Perhaps most unusual, Ebinger will find out how hunters and grizzly bears interact — how they influence each other — by comparing the data from GPS-collared bears to GPS units loaned to hunters to track their whereabouts.

Trailing hunters

To begin the study, last summer the study team attached GPS collars to eight bears.

To track elk hunters, the study team has asked them to voluntarily carry and return 100 GPS units that can track their routes. After a day’s use, the units can be dropped off and their information downloaded. They are then recharged and sent out again. To encourage cooperation, participants will be entered in a raffle.

“We’ve had a really great response,” Ebinger said.

In one encounter already tracked, Ebinger showed slides demonstrating how the data could be combined. As one group of hunters left a parking area at around 6 a.m., they turned on their GPS. As they moved around a lake in search of elk, a nearby GPS-collared grizzly starts moving in the same direction behind and to the side of the hunters — probably downwind of them. At one point, the bear is within about 100 yards of the hunters, who never knew it was there.

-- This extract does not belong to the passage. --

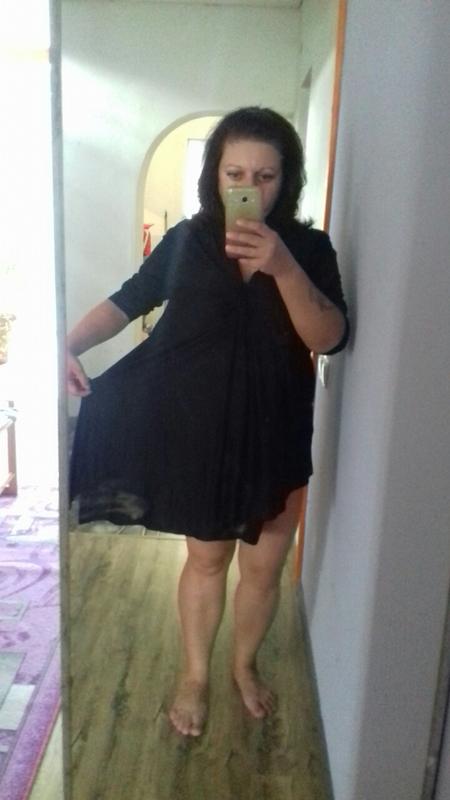 Дуже цікаве плаття туніка, на фото показала як виглядає. загальна довжина з одного боку 92, з іншого 70, пог вільний. плечі 41, рукав 51. Піт і побіди вільний. іде як оверсайз. матеріал Дуже приємний до тіла. фото дефекту вказала. Це фабричний, бо плаття не ношене, можна легко замалювати .
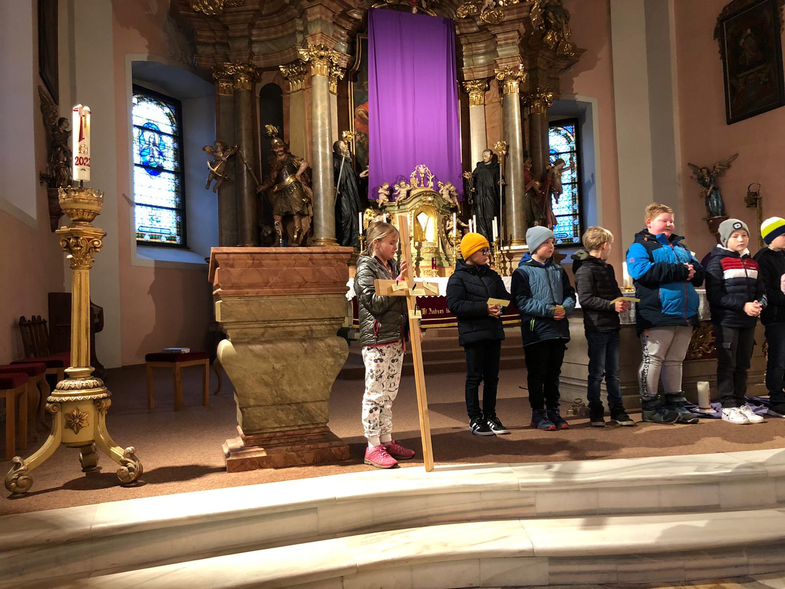 19. März 2023 unsere zehn SchülerInnen der 2. Klasse, beim Gottesdienst vorgestellt wurden.

After bedding down around noon, the bear picks up the hunters’ now-cold trail and follows them again, possibly hoping they would shoot an elk. Even though the human route was now hours old, a bear would have no problem following the hunters. Some estimates put a grizzly’s sense of smell as seven times better than a bloodhound’s, and studies have calculated the size of the bruin’s scent-detecting area as 100 times larger than a human’s. Grizzlies also possess a Jacobson’s organ in the roof of their mouth that can detect heavier moisture-borne odors.

Common interest

The interest in grizzly-hunter interactions has a long history, Ebinger said. Several incidents of bears attacking hunters have been recorded over the years, and one hunter in northwestern Montana was killed by a grizzly in 2001 as he dressed out an elk he had shot. Montana Fish, Wildlife and Parks now requires successful bison hunters outside of Yellowstone National Park to move carcasses and gut piles 200 yards away from homes, roads and trails to lessen the chances of human-bear interactions.

Hunters and bears often collide in the fall because of a shared interest in eating fresh, wild protein. Fall hunting season floods the timber with bow- or rifle-toting men and women who are trying to move quietly and stealthily to sneak up on elk and deer. Bowhunters even wear cover scents, such as elk urine, and bugle or cow call to sound like an elk.

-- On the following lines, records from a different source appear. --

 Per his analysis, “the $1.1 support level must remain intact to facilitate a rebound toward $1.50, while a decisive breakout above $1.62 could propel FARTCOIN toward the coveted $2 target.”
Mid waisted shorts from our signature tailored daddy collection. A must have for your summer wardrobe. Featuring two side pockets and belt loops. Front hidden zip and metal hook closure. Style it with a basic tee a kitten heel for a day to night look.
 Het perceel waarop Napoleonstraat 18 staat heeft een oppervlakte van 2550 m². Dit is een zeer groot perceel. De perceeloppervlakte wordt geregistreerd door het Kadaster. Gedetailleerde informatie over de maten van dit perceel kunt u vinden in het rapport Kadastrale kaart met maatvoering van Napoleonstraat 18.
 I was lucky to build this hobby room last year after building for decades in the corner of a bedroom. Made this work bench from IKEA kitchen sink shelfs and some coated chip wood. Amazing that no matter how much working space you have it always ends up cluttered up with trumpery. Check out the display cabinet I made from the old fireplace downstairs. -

At the same time, grizzly bears are in what’s known as hyperphagia, a stage before they enter hibernation when they are consuming as many calories as possible to gain fat for their long winter nap. With gut piles and carcasses left by hunters an easy source of food, it’s only natural that the two predators — human and animal — will sometimes run into each other.

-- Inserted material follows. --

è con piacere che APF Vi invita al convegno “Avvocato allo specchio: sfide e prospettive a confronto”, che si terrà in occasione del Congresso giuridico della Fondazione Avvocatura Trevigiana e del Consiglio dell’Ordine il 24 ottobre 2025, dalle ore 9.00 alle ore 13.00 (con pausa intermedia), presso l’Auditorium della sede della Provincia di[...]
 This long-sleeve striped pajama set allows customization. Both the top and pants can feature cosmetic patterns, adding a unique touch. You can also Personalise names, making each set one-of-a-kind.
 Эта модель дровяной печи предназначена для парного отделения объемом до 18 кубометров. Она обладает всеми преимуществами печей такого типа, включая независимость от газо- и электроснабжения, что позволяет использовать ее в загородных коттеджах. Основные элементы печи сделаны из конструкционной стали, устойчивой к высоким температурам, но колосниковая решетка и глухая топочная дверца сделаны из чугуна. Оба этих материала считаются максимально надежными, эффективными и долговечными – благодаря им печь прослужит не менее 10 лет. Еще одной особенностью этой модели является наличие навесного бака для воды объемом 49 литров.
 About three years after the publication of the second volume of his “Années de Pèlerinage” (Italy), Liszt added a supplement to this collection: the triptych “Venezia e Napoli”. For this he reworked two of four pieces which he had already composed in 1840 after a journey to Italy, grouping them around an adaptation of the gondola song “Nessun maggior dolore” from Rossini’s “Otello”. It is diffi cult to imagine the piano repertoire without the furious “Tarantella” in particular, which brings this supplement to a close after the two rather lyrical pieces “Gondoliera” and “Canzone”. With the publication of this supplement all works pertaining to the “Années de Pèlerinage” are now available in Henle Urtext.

“As Mike indicated in his presentation, these movements show that ungulate carcasses tend to keep bears close to the area,” van Manen said. “With GPS data from other bears, we can start investigating these type of interactions.”

Ebinger stressed that the work isn’t meant to revise hunting regulations in places like Grand Teton National Park. Yet the work should be translatable to other areas where hunters and grizzlies are likely to interact.